September 4, 2018

Rio's National Museum, Home to 20 Million Artifacts, Goes Up in Flames

RIO DE JANEIRO, BRAZIL—Rio de Janeiro’s iconic National Museum of Brazil—which turned two hundred years old this June—went up in flames tonight, turning over twenty million historical objects into ash. The museum, which can be likened to Brazil’s version of the Museum of Natural History in New York and the country’s oldest scientific institution, had fallen on hard times recently due to the city’s shaky economy. No injuries have been reported so far, and authorities do not yet know the reason for the conflagration, which is still being extinguished by firefighters, according to the Estado de Sao Paulo.

The blaze is the latest setback for a city already struggling with economic decline and widespread political corruption after hosting the 2016 Olympics. It’s likely that the institution, which has seen a recent plunge in attendance amid the city’s overall touristic decline, had no mechanisms in place for quelling the fire. Employees had allegedly expressed worry about funding cuts and the neglected state of the bulding.

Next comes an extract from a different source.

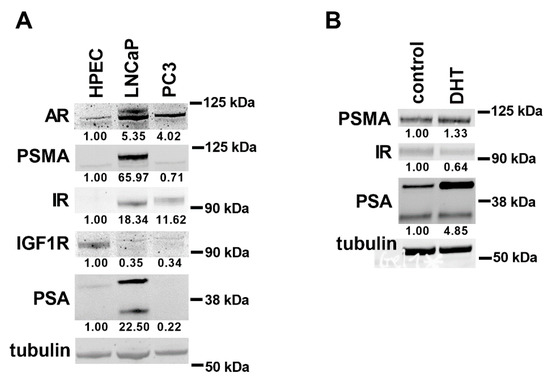 Protein levels of androgen receptor (AR), PSA, prostate-specific membrane antigen (PSMA), insulin receptor (IR), and insulin-like growth factor 1 receptor (IGF1R) in prostate-cancer cell lines. Proteins detected using SDS-PAGE and Western blot. (A) For HPEC, LNCaP, and PC3 cell lysates, AR, PSA, PSMA, IR, and IGF1R antibodies were applied. (B) For LNCaP cell lysates, PSA, PSMA, and IR antibodies were applied. As loading control, β-tubulin was used. Protein intensities were normalized to (A) β-tubulin and HPEC cells or (B) control condition. These relative protein intensities are under the pictures. For quantifying PSA intensity, upper protein bands were evaluated. Control: LNCaP cells grown in growth medium; DHT: dihydrotestosterone treatment of LNCaP cells after serum deprivation. Numbers on the right side represent molecular-weight markers.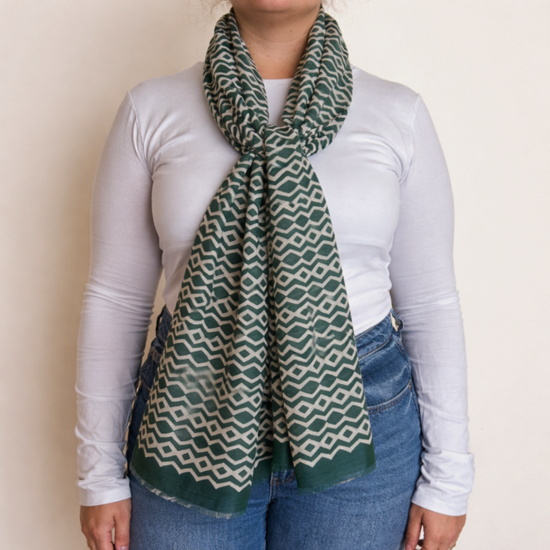 Scarf with geometric pattern.

The museum’s expansive collection included what are largely considered the most important anthropological and ethnographical records concerning Brazil, some of the first fossils found in the country, ancient Egyptian mummies, one of Brazil’s largest scientific libraries, Greco-Roman art, and the most extensive numismatic collection in Latin America. Luiza, one of the oldest human skeletons discovered in Latin America, also resided in the museum.

President Michel Temer said that it was a ”sad day for all Brazilians,“ and added, ”The value of our history cannot be measured by the damage to the building.”

This story will be updated as more information becomes available.